If the current enable operation is to enable the FIFO for writing, if a corresponding process has opened the FIFO for reading, the current enable operation will be successful; otherwise, it may be blocked until a corresponding process opens the FIFO for reading (the blocking flag is set for the current open operation); or, an enxio error is returned (the blocking flag is not set for the current open operation ).
Note:
When the read pipeline is opened, you must wait for the write pipeline to open, and the write pipeline to open must wait for the read pipeline to open.
Deadlock will not be generated, because the "wait" ** here is not * Whether the open of the other side is * completed *
For example,
If o_nonblock is not specified for the open FIFO, the process first opens the FIFO for reading and blocks the data.
Then process B open FIFO for writing. Because process a is open for reading, the open operation of process B will
Return immediately, and then a's open operation returns.
For more information about how to verify an open rule, see appendix 2.
2.4 read/write rules for famous Pipelines
Read data from FIFO:
Convention: if a process blocks the access to the FIFO to read data from the FIFO, the read operation in the process is a read operation with a blocking flag.
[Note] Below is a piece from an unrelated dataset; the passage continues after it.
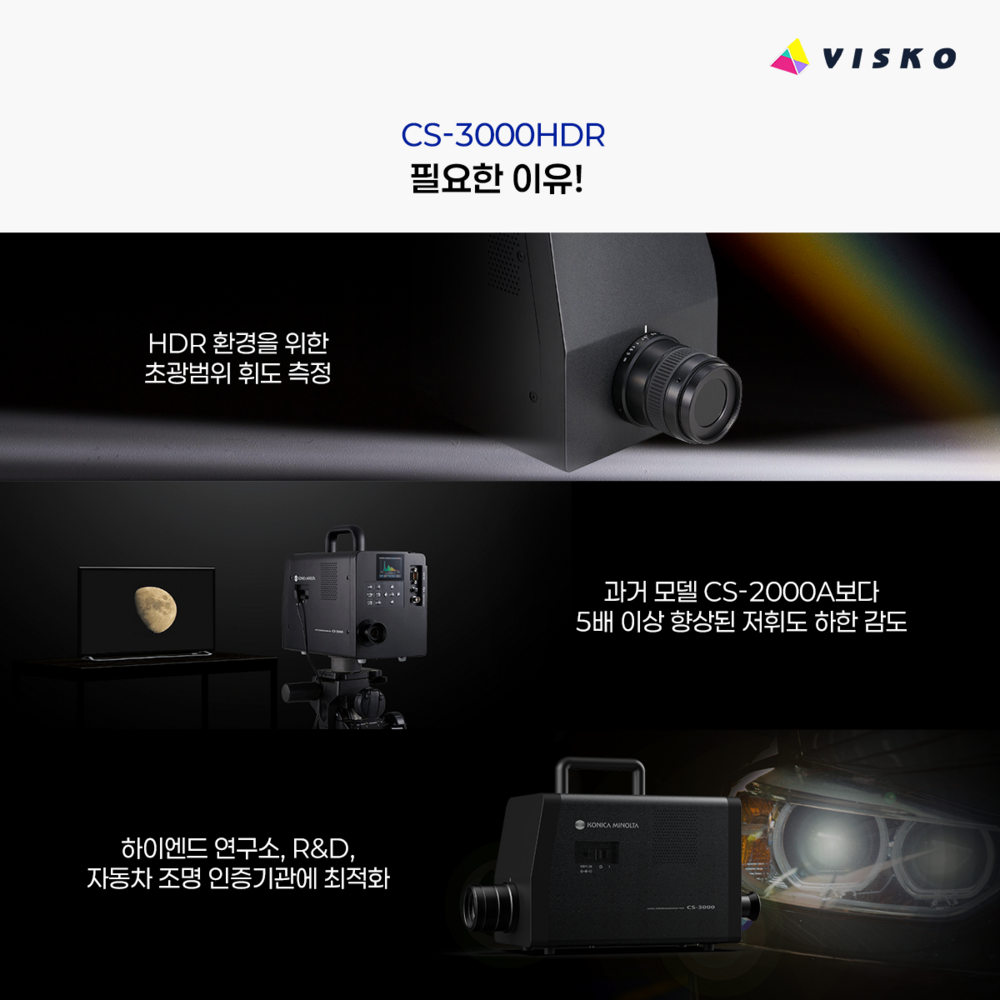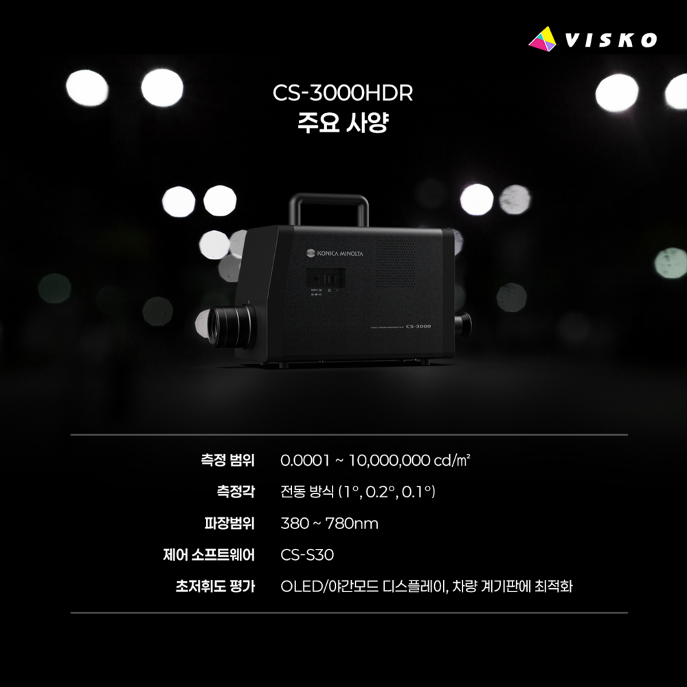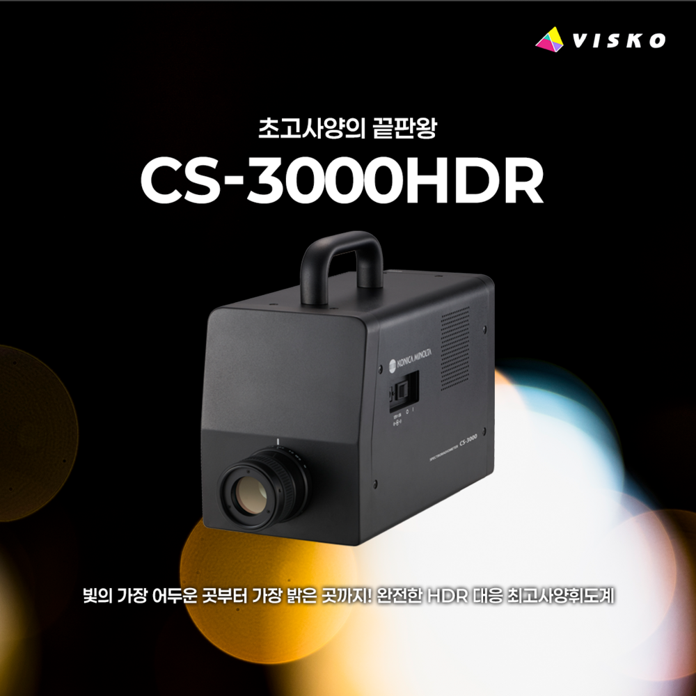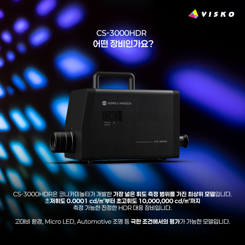 CS-3000HDR은 코니카미놀타가 개발한 가장 넓은 휘도 측정 범위를 가진 최상위 모델입니다. 초저휘도 0.0001 cd/㎡부터 초고휘도 10,000,000 cd/㎡까지 측정 가능한 진정한 HDR 대응 장비입니다. 고대비 환경, Micro LED, Automotive 조명 등 극한 조건에서의 평가가 가능한 모델입니다.

- If a process writes to enable FIFO and there is no data in the current FIFO, the read operation with the blocking flag is always blocked. -1 is returned if no blocking mark is set for the read operation. The current errno value is eagain, prompting you to try again later.
- For read operations with the blocking flag configured, there are two reasons for blocking: data in the current FIFO, but other processes are reading the data. In addition, there is no data in the FIFO. The reason for blocking is that there are new data writes in the FIFO, regardless of the size of the data written to the message or the amount of data requested by the read operation.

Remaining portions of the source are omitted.